#### [What you should do]
Give back the whole listing exactly as written, pictures excluded.

#### [Data excerpt]
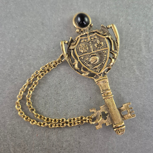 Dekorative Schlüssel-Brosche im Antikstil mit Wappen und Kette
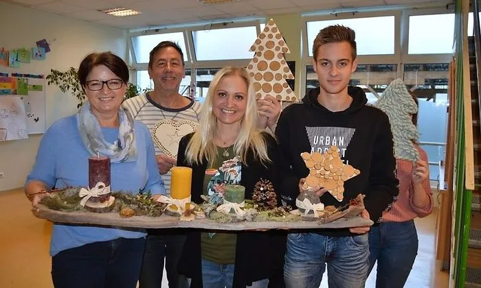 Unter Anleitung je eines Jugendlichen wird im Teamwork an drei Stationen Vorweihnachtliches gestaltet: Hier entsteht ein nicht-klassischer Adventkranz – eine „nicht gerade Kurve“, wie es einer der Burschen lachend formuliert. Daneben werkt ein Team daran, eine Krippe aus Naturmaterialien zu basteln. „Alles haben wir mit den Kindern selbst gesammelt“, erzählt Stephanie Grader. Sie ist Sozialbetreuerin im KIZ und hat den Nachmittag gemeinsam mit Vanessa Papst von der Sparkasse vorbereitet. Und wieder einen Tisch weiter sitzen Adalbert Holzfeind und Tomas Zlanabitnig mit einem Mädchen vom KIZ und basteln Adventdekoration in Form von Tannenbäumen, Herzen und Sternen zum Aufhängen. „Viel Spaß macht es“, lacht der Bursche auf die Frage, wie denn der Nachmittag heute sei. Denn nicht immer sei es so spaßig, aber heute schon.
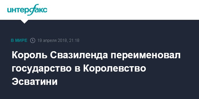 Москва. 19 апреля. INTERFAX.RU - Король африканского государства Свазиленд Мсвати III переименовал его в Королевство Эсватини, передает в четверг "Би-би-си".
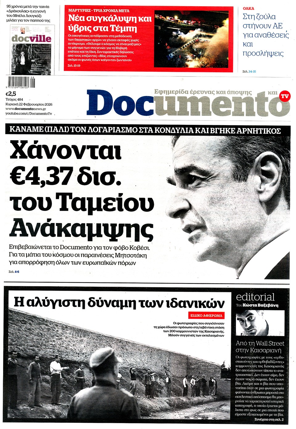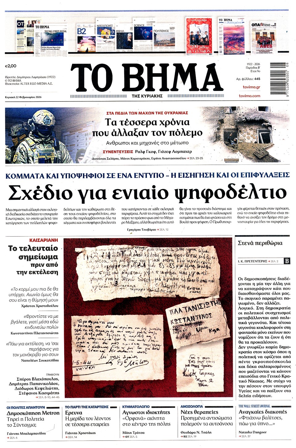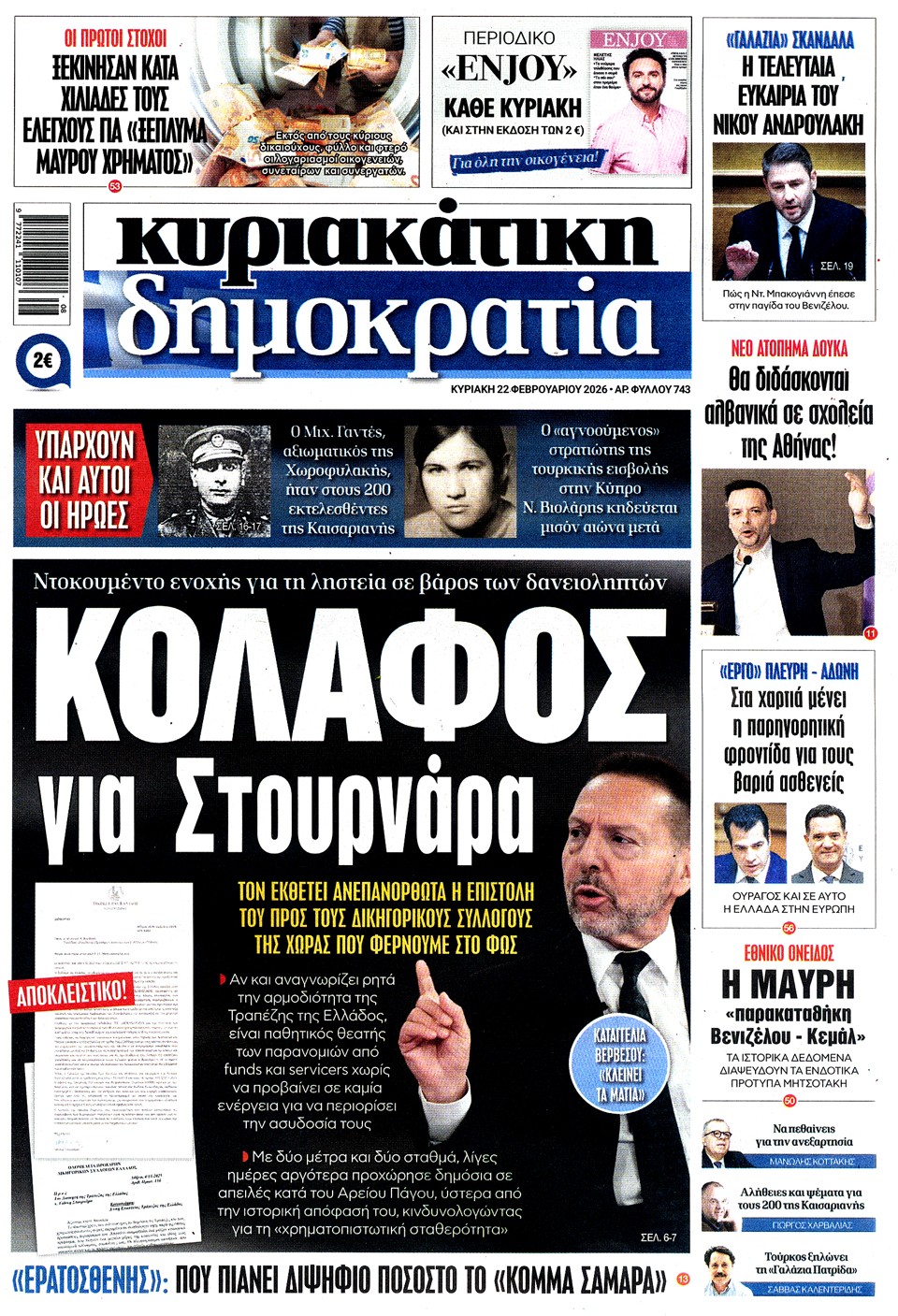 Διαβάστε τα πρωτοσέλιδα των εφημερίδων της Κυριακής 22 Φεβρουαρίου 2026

#### [Task output]
 Dekorative Schlüssel-Brosche im Antikstil mit Wappen und Kette
 Unter Anleitung je eines Jugendlichen wird im Teamwork an drei Stationen Vorweihnachtliches gestaltet: Hier entsteht ein nicht-klassischer Adventkranz – eine „nicht gerade Kurve“, wie es einer der Burschen lachend formuliert. Daneben werkt ein Team daran, eine Krippe aus Naturmaterialien zu basteln. „Alles haben wir mit den Kindern selbst gesammelt“, erzählt Stephanie Grader. Sie ist Sozialbetreuerin im KIZ und hat den Nachmittag gemeinsam mit Vanessa Papst von der Sparkasse vorbereitet. Und wieder einen Tisch weiter sitzen Adalbert Holzfeind und Tomas Zlanabitnig mit einem Mädchen vom KIZ und basteln Adventdekoration in Form von Tannenbäumen, Herzen und Sternen zum Aufhängen. „Viel Spaß macht es“, lacht der Bursche auf die Frage, wie denn der Nachmittag heute sei. Denn nicht immer sei es so spaßig, aber heute schon.
 Москва. 19 апреля. INTERFAX.RU - Король африканского государства Свазиленд Мсвати III переименовал его в Королевство Эсватини, передает в четверг "Би-би-си".
 Διαβάστε τα πρωτοσέλιδα των εφημερίδων της Κυριακής 22 Φεβρουαρίου 2026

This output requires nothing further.